Data Science Data Cleaning

Data Cleaning is a crucial step in the Data Science pipeline. Raw data often contains missing values, duplicate entries, outliers, and inconsistencies, which can lead to incorrect conclusions and poor model performance. Cleaning the data ensures better accuracy and reliability.

1. Why is Data Cleaning Important?

  • Improves Data Quality: Removes errors, inconsistencies, and duplicate records.
  • Enhances Model Performance: Clean data leads to better predictions in machine learning.
  • Prevents Biased Insights: Ensures the data accurately represents real-world patterns.

2. Common Issues in Data Cleaning & Solutions

2.1 Handling Missing Data

Missing data can occur due to errors in data collection, system failures, or human mistakes.
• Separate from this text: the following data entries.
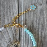 Le bracelet s’adapte facilement à un poignet de 15 à 19 cm, grâce à sa chaînette de rallonge dorée de 5 cm, terminée par un petit pendentif fleur bleue pour une finition élégante et féminine.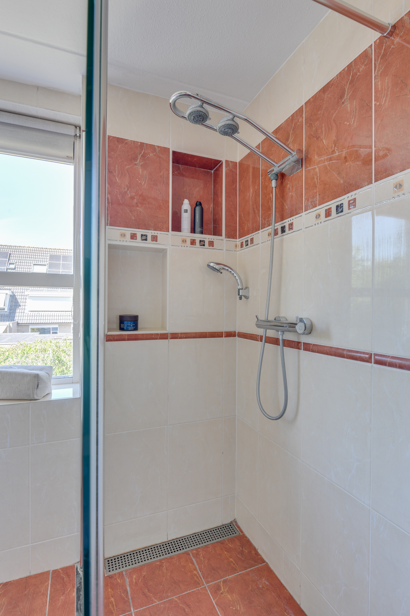 Op de eerste verdieping bevinden zich drie volwaardige slaapkamers, waarvan twee met vaste kasten. Genoeg slaapkamers voor gezinnen of om een fijne werkruimte te creëren. De ruime en nette badkamer is voorzien van een inloopdouche, dubbele wastafel en een toilet.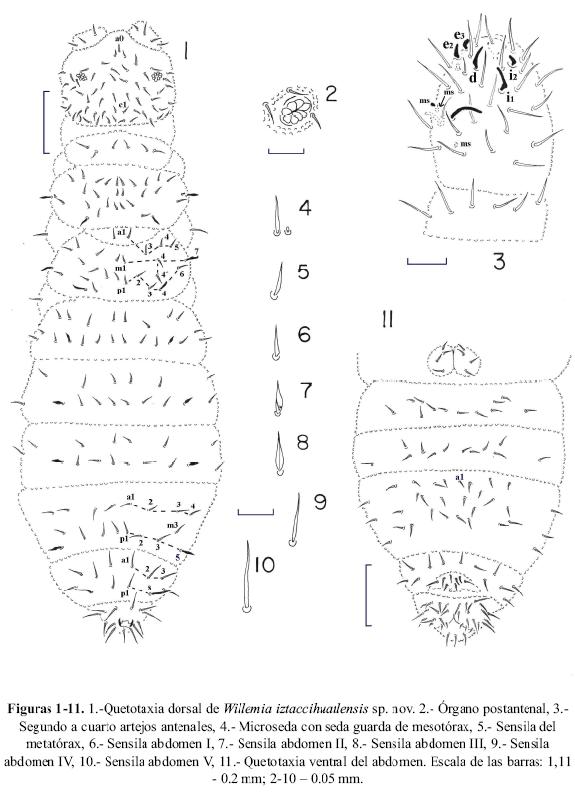 Discusión. La nueva especie es cercana a Willemia bedosae D'Haese, 1998, pero esta última presenta la sensila e1 del antenito IV; el número de vesículas del OPA es de siete, las sensilas del abdomen II-III son lanceoladas y presencia de la seda m4 en el abdomen IV. W. Iztaccihuatlensis no presenta la sensila e1, OPA con ocho vesículas, sensilas lanceoladas en el abdomen I-III y ausencia de la seda m4 en abdomen IV; el promedio de la uña III: espina anal es de 1:0.4 (W. bedosae), contra 1:0.5. Al compararla con W. similis Mills, 1934, encontramos la presencia de la seda m1 en el abdomen IV y la p2 en el V. en relación a W. anophthalma, Börner, 1901, el número de sedas hr en la válvula anal es de 2 (Cuadro 1).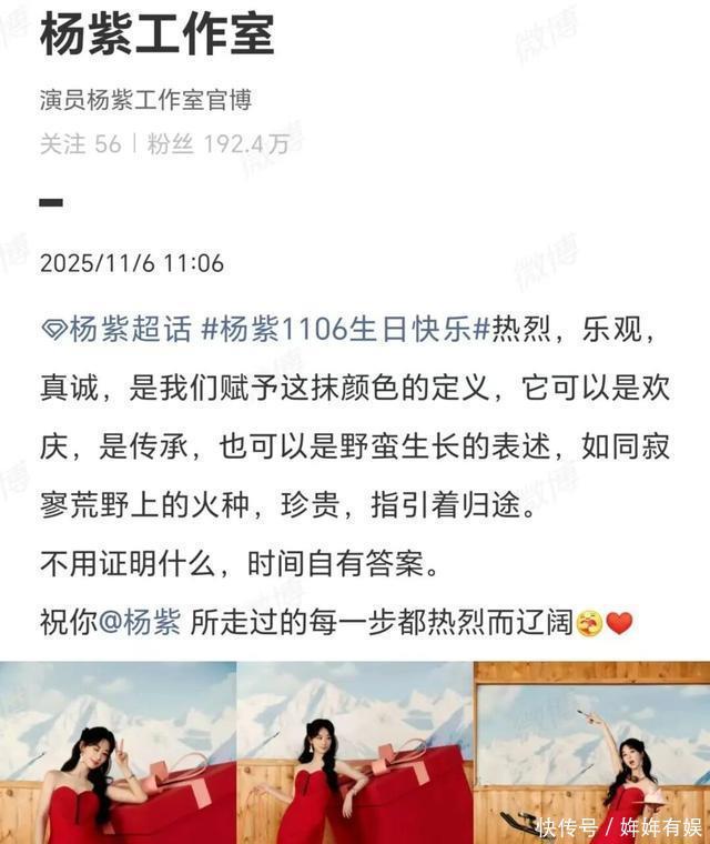 杨紫工作室连续发文为杨紫庆生:热烈,乐观,真诚,是我们赋予这抹颜色的定义,它可以是欢庆,是传承,也可以是野蛮生长的表述,如同寂寥荒野上的火种,珍贵,指引着归途。 不用证明什么,时间自有答案。祝你杨紫,所走过的每一步都热烈而辽阔。 每一种颜色都藏着高原的温柔,微风趁着拂过发来问候,白菊听到生日的消息发来贺电,祝昂扬,铮铮,如劲草。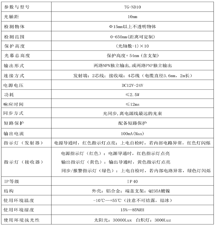 四級(jí)安全光幕超薄型TG-ND-10系列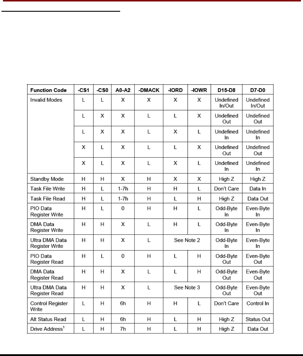 Table: True IDE Mode I/O Function defines the function of the operations for the True IDE Mode.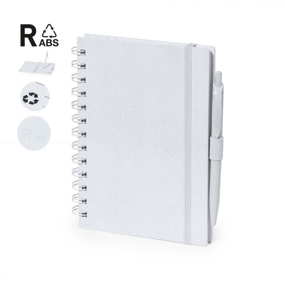 Особенности Набор из блокнота и шариковой ручки. Блокнот с жесткой обложкой и кольцевым механизмом RABS с соответствующей шариковой ручкой. Размер A5, с элегантной резинкой для закрытия, доступной в широком диапазоне цветов. Внутри 70 белых листов с одним полосатым макетом. Шариковая ручка с механизмом нажатия, изготовленная из RABS с синей чернилами, включая логотип RABS. Представлено в индивидуальной переработанной сумке. Жесткая обложка. 70 листов. В комплекте ручка RABS.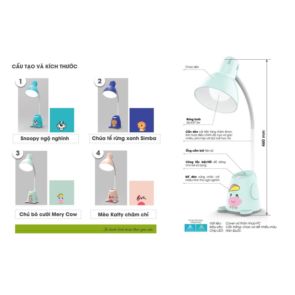 Công suất: 5W Điện áp: 220V/50Hz Màu ánh sáng: Trắng/Vàng Độ rọi: 700 lux - Đèn bàn LED Rạng Đông bảo vệ thị lực - Cần đèn linh hoạt điều chỉnh độ cao và góc
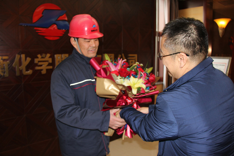 新春將至,1月14日下午,衡水高新區黨工委委員、管委會副主任呼峻嶺走訪慰問冀衡化學公司勞動模范徐玲濤同志,呼主任為徐玲濤送上鮮花,祝賀他作為一線員工榮獲河北省勞動模范光榮稱號,并鼓勵徐玲濤繼續發揚工匠精神、勞模精神,在平凡的崗位上爭取做出更大的成績,為企業發展再創新功,再創佳績。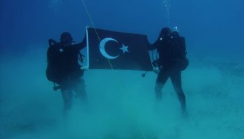 Εκεί λοιπόν οι Τούρκοι δύτες των ειδικών δυνάμεων SAS φωτογραφήθηκαν κρατώντας την τουρκική σημαία στον βυθό του κόλπου της Σούδας.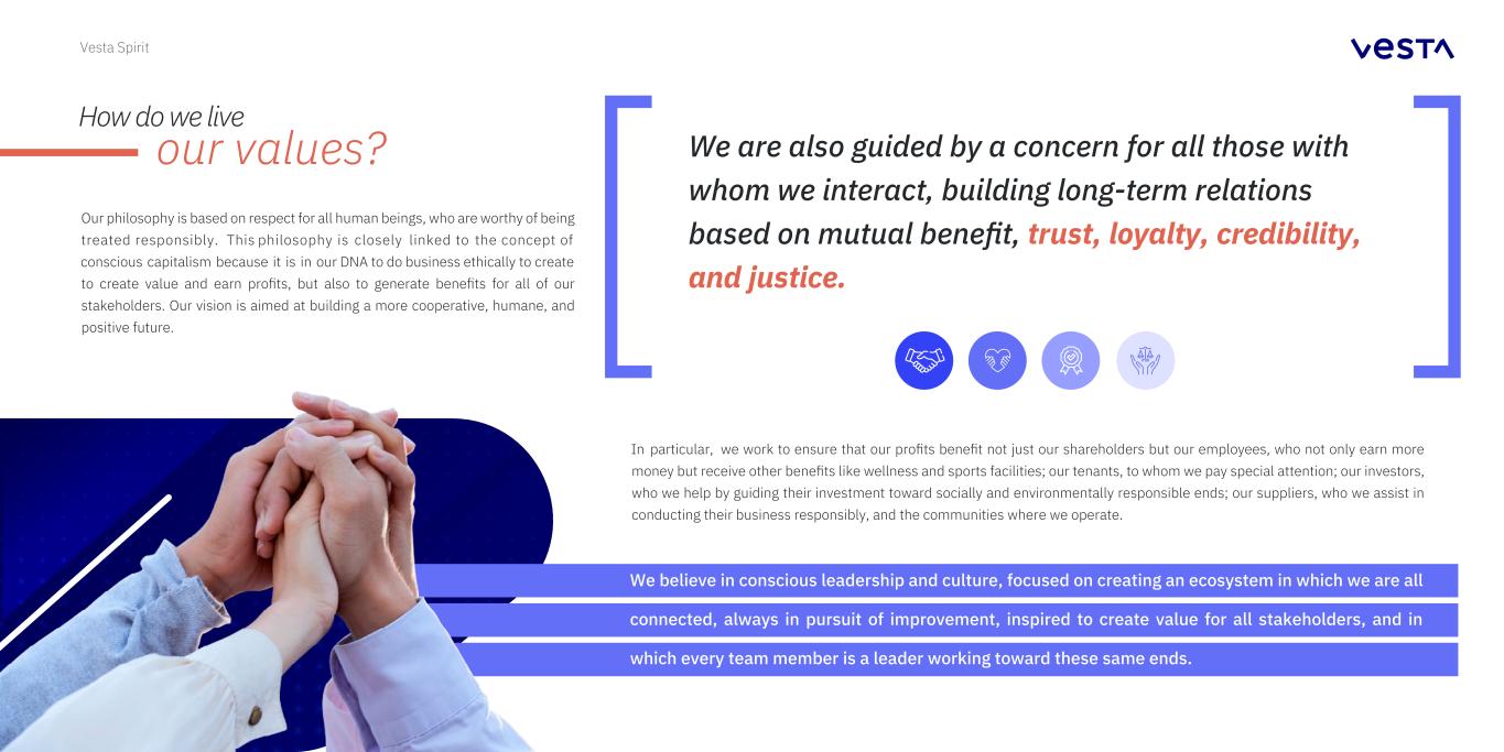 How do we live our values? We are also guided by a concern for all those with whom we interact, building long-term relations based on mutual benefit, trust, loyalty, credibility, and justice. Vesta Spirit Our philosophy is based on respect for all human beings, who are worthy of being treated responsibly. This philosophy is closely linked to the concept of conscious capitalism because it is in our DNA to do business ethically to create to create value and earn profits, but also to generate benefits for all of our stakeholders. Our vision is aimed at building a more cooperative, humane, and positive future. In particular, we work to ensure that our profits benefit not just our shareholders but our employees, who not only earn more money but receive other benefits like wellness and sports facilities; our tenants, to whom we pay special attention; our investors, who we help by guiding their investment toward socially and environmentally responsible ends; our suppliers, who we assist in conducting their business responsibly, and the communities where we operate. We believe in conscious leadership and culture, focused on creating an ecosystem in which we are all connected, always in pursuit of improvement, inspired to create value for all stakeholders, and in which every team member is a leader working toward these same ends.

a) Checking for Missing Values

import pandas as pd

# Load dataset
data = pd.read_csv("data.csv")

# Check for missing values
print(data.isnull().sum())

Try It Now

b) Removing Missing Values

# Remove rows with missing values
data_cleaned = data.dropna()

Try It Now

🚨 Use this method only if a few rows are missing; otherwise, valuable data might be lost.

c) Filling Missing Values (Imputation)

# Fill missing values with column mean
data['Age'].fillna(data['Age'].mean(), inplace=True)

# Fill missing values with column median
data['Salary'].fillna(data['Salary'].median(), inplace=True)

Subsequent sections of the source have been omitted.